▶ _STUDY MATERIAL_:
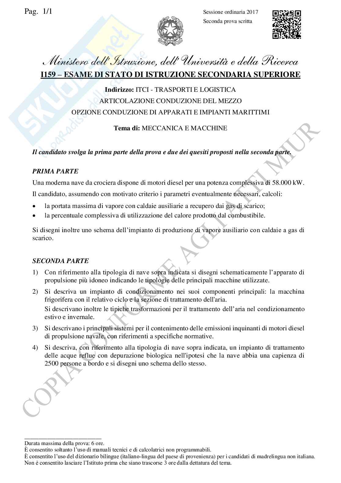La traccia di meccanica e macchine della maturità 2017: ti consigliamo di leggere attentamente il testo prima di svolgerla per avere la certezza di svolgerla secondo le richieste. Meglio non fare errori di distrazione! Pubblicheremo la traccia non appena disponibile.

--

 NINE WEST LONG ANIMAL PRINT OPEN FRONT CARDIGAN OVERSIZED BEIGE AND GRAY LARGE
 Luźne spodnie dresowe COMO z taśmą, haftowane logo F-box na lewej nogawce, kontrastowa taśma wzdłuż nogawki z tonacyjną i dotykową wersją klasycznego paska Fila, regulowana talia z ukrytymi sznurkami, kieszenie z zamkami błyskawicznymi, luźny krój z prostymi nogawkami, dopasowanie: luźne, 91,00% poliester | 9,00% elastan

* * *

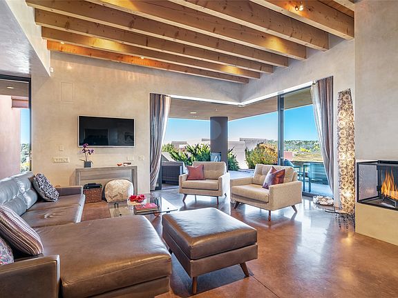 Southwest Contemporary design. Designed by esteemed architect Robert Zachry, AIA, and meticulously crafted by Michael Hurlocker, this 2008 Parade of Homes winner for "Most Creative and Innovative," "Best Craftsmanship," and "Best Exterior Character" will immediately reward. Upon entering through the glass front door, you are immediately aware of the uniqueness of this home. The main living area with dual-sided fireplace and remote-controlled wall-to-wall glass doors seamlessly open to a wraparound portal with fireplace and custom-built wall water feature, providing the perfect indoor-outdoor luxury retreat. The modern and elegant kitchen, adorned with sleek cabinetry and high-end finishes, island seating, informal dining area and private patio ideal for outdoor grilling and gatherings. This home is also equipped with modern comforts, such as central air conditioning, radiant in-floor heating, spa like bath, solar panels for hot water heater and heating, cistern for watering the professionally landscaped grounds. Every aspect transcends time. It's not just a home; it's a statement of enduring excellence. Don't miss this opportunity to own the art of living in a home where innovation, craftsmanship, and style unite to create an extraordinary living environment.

▶ _ACTION ITEM_: Of the entries above, repeat exactly the lines between the line with "NINE WEST LONG" and the line with "Luźne spodnie dresowe", inclusive, and no others.

▶ _WORKED SOLUTION_:
 NINE WEST LONG ANIMAL PRINT OPEN FRONT CARDIGAN OVERSIZED BEIGE AND GRAY LARGE
 Luźne spodnie dresowe COMO z taśmą, haftowane logo F-box na lewej nogawce, kontrastowa taśma wzdłuż nogawki z tonacyjną i dotykową wersją klasycznego paska Fila, regulowana talia z ukrytymi sznurkami, kieszenie z zamkami błyskawicznymi, luźny krój z prostymi nogawkami, dopasowanie: luźne, 91,00% poliester | 9,00% elastan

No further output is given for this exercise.